======== DATA SEGMENT
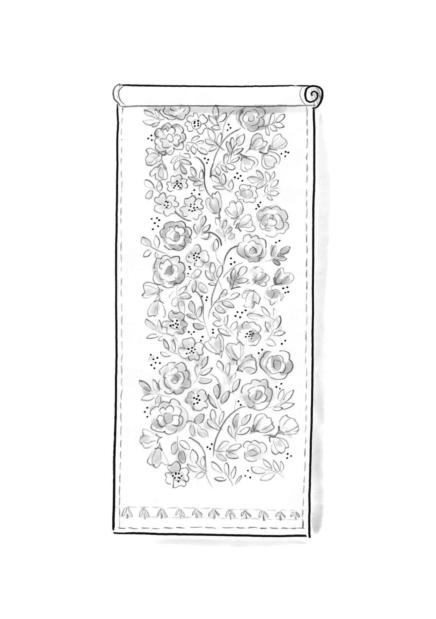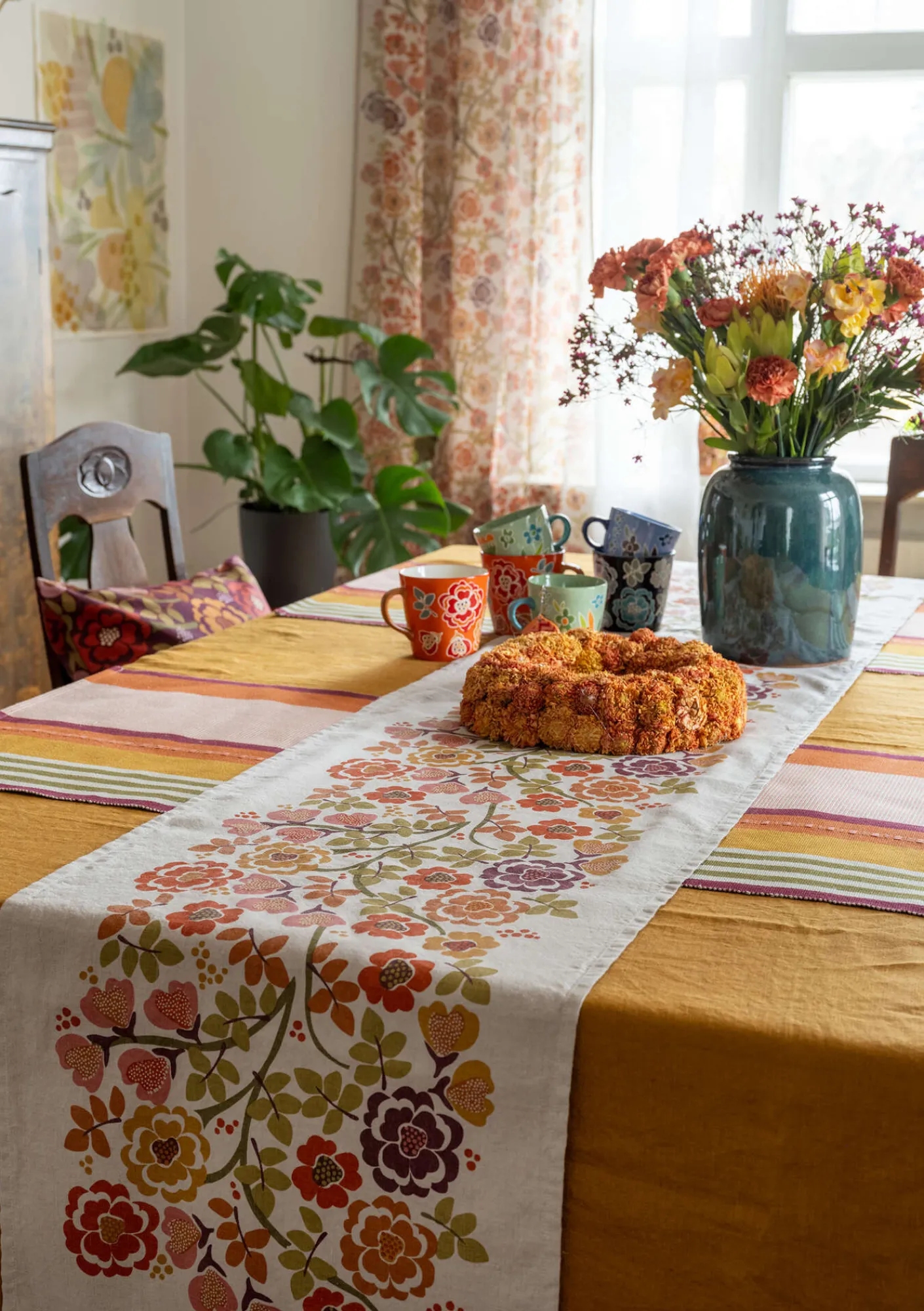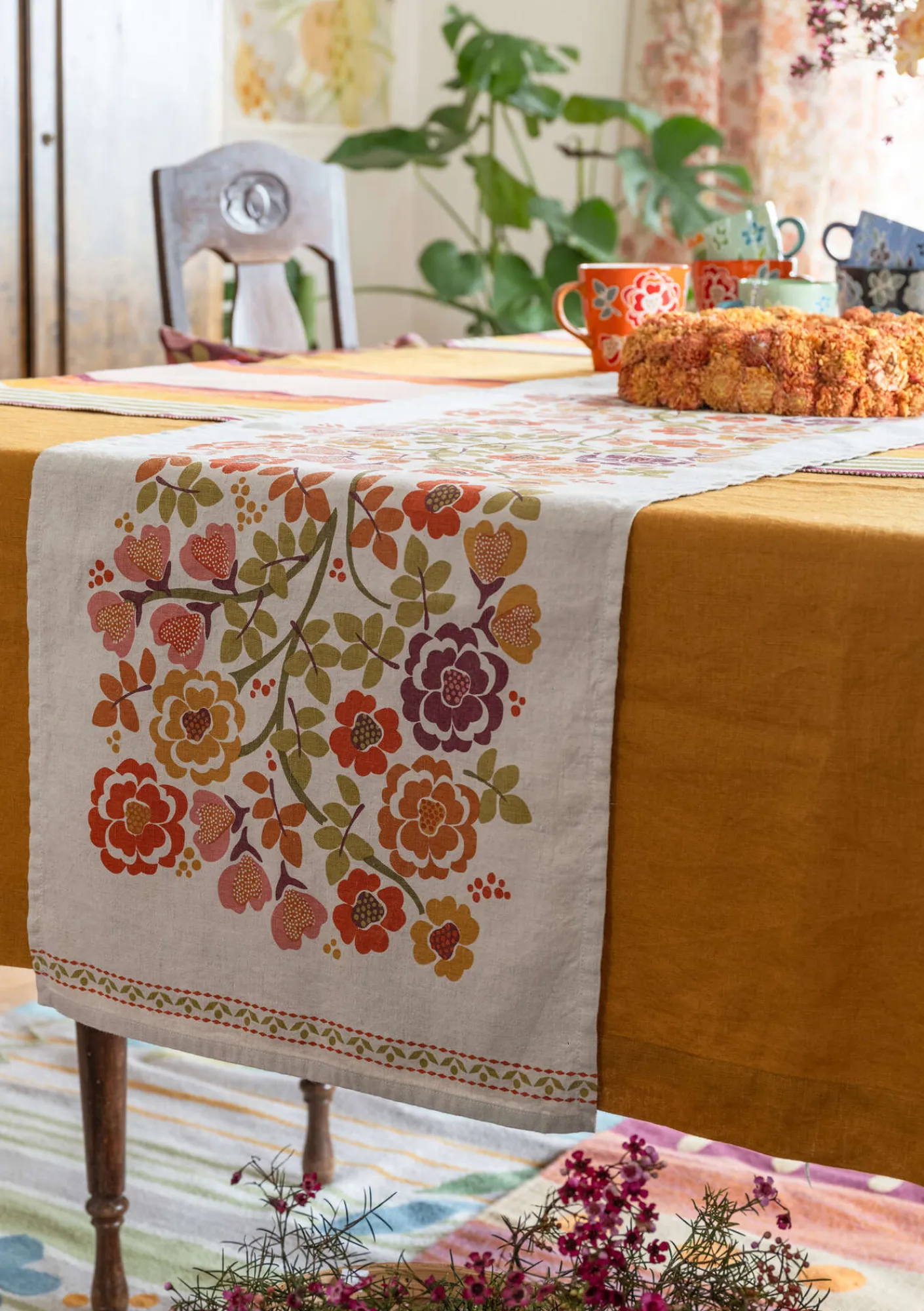 Vacker löpare med det placerade mönstret ”Wild rose” och dekorativa bårder på kortsidorna, screentryckt på en väv i en mix av lin och ekologisk bomull.
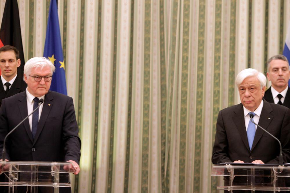 Η Ελλάδα είναι τόσο πολύ αφοσιωμένη στον ευρωπαϊκό της προσανατολισμό, ώστε και τα εθνικά της θέματα τα εντάσσει σε ένα ευρωπαϊκό πλαίσιο, επισήμανε ο Πρόεδρος της Δημοκρατίας, αναφέροντας προς επίρρωση του λόγου του, πρώτον, τη διαβεβαίωση που είχε παράσχει στον κ. Σταϊνμαϊερ, όταν είχε επισκεφθεί την Ελλάδα ως ΥΠΕΞ της Γερμανίας, αλλά έχοντας ήδη ανακοινώσει την υποψηφιότητά του για την Προεδρία της χώρας, για την επιδίωξη της Ελλάδας και της Κύπρου για λύση στο Κυπριακό σύμφωνη με το Ευρωπαϊκό και Διεθνές Δίκαιο, χωρίς αναχρονιστικές εγγυήσεις τρίτων και στρατεύματα κατοχής.
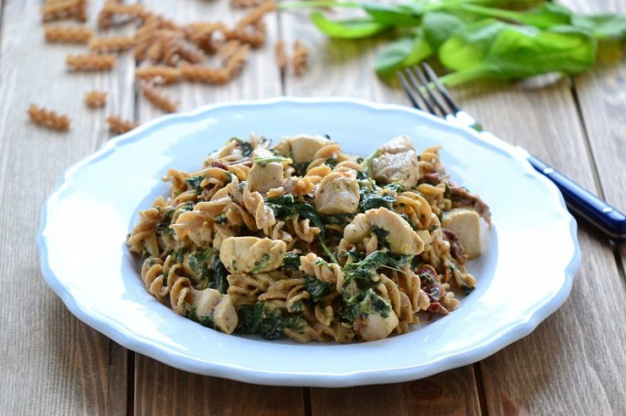 1. Tegyünk fel forrni vizet a tésztának. A csirkemellet vágjuk kisebb csíkokra, vagy kockákra. A megpucolt fokhagyma gerezdeket vágjuk vékony szeletekre.
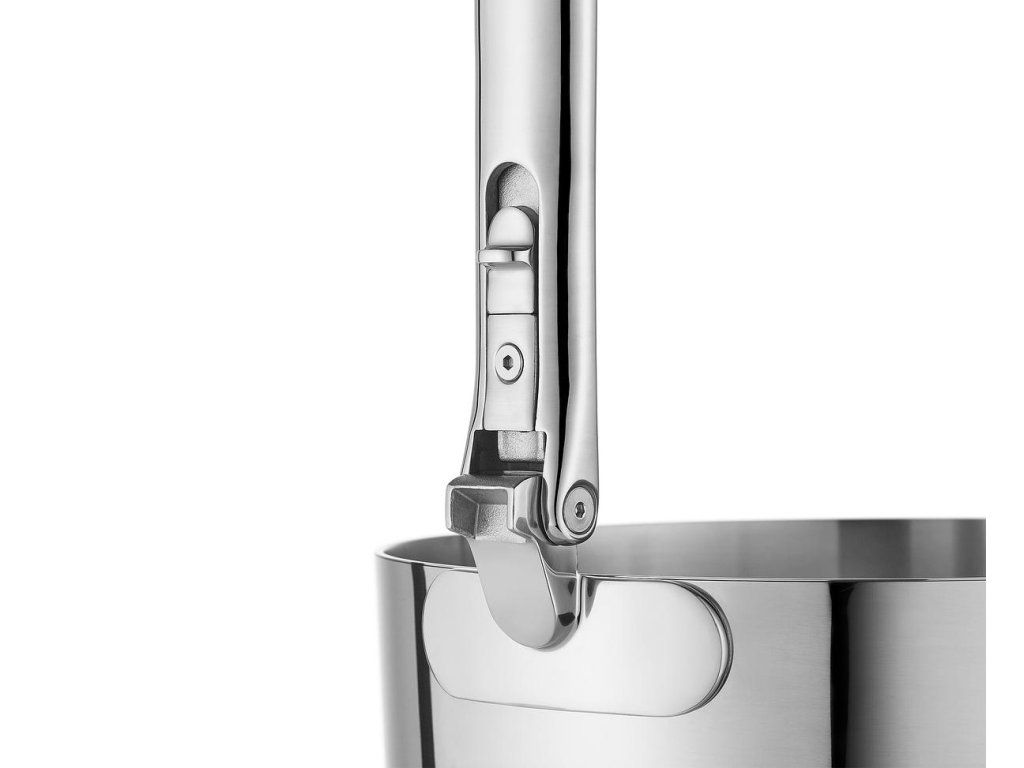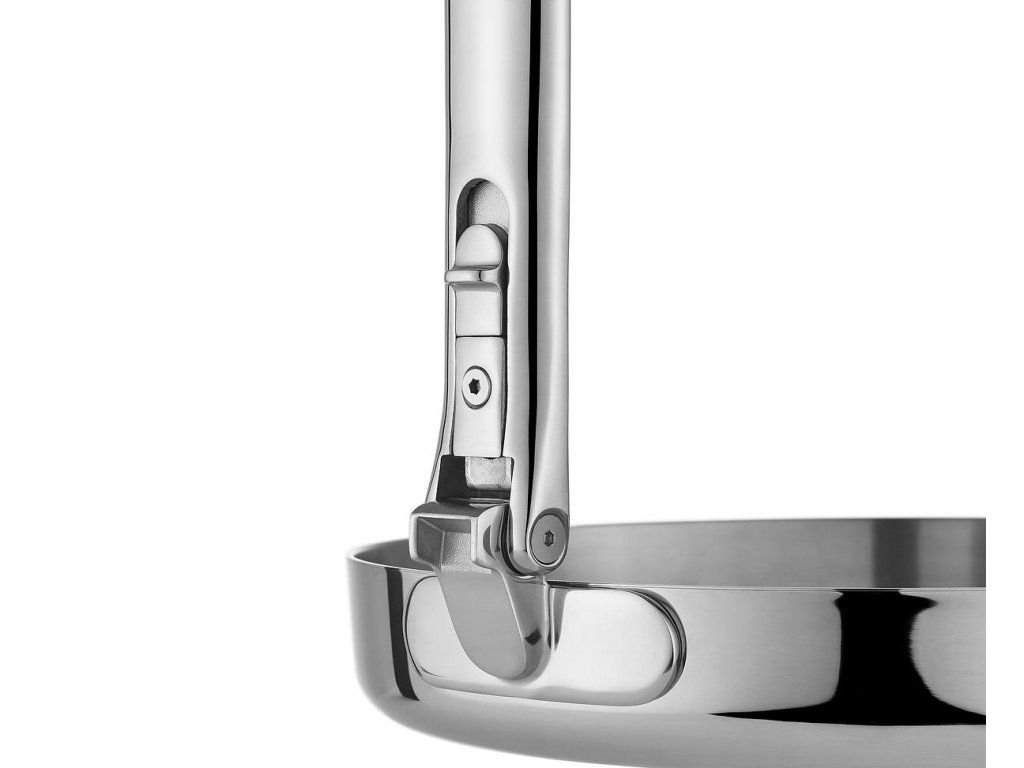 Díky nerezovým skládacím rukojetím s patentovanou technologii SwingLock lze nádobí v zásuvkách a skříňkách stohovat. Ušetříte tak 50% úložného prostoru. Sklopné jsou i velké nerezové úchyty umožňující u větších nádob manipulaci oběma rukama. Skleněné police jsou vyrobeny z tvrzeného skla. Sklopné úchyty poklic umožňují jejich úsporné skladování ve stojánku (45053). Pro ochranu povrchů nádob při stohování doporučujeme užití ochranných vložek (45052). Nádobí lze mýt v myčce. Pro prodloužení životnosti doporučujeme ruční mytí. Z důvodu rizika poškrábání při vaření nepoužívejte nerezové nástroje.
================
WORK ORDER: Please repeat all of the data exactly, excluding images.

RESULT:
 Vacker löpare med det placerade mönstret ”Wild rose” och dekorativa bårder på kortsidorna, screentryckt på en väv i en mix av lin och ekologisk bomull.
 Η Ελλάδα είναι τόσο πολύ αφοσιωμένη στον ευρωπαϊκό της προσανατολισμό, ώστε και τα εθνικά της θέματα τα εντάσσει σε ένα ευρωπαϊκό πλαίσιο, επισήμανε ο Πρόεδρος της Δημοκρατίας, αναφέροντας προς επίρρωση του λόγου του, πρώτον, τη διαβεβαίωση που είχε παράσχει στον κ. Σταϊνμαϊερ, όταν είχε επισκεφθεί την Ελλάδα ως ΥΠΕΞ της Γερμανίας, αλλά έχοντας ήδη ανακοινώσει την υποψηφιότητά του για την Προεδρία της χώρας, για την επιδίωξη της Ελλάδας και της Κύπρου για λύση στο Κυπριακό σύμφωνη με το Ευρωπαϊκό και Διεθνές Δίκαιο, χωρίς αναχρονιστικές εγγυήσεις τρίτων και στρατεύματα κατοχής.
 1. Tegyünk fel forrni vizet a tésztának. A csirkemellet vágjuk kisebb csíkokra, vagy kockákra. A megpucolt fokhagyma gerezdeket vágjuk vékony szeletekre.
 Díky nerezovým skládacím rukojetím s patentovanou technologii SwingLock lze nádobí v zásuvkách a skříňkách stohovat. Ušetříte tak 50% úložného prostoru. Sklopné jsou i velké nerezové úchyty umožňující u větších nádob manipulaci oběma rukama. Skleněné police jsou vyrobeny z tvrzeného skla. Sklopné úchyty poklic umožňují jejich úsporné skladování ve stojánku (45053). Pro ochranu povrchů nádob při stohování doporučujeme užití ochranných vložek (45052). Nádobí lze mýt v myčce. Pro prodloužení životnosti doporučujeme ruční mytí. Z důvodu rizika poškrábání při vaření nepoužívejte nerezové nástroje.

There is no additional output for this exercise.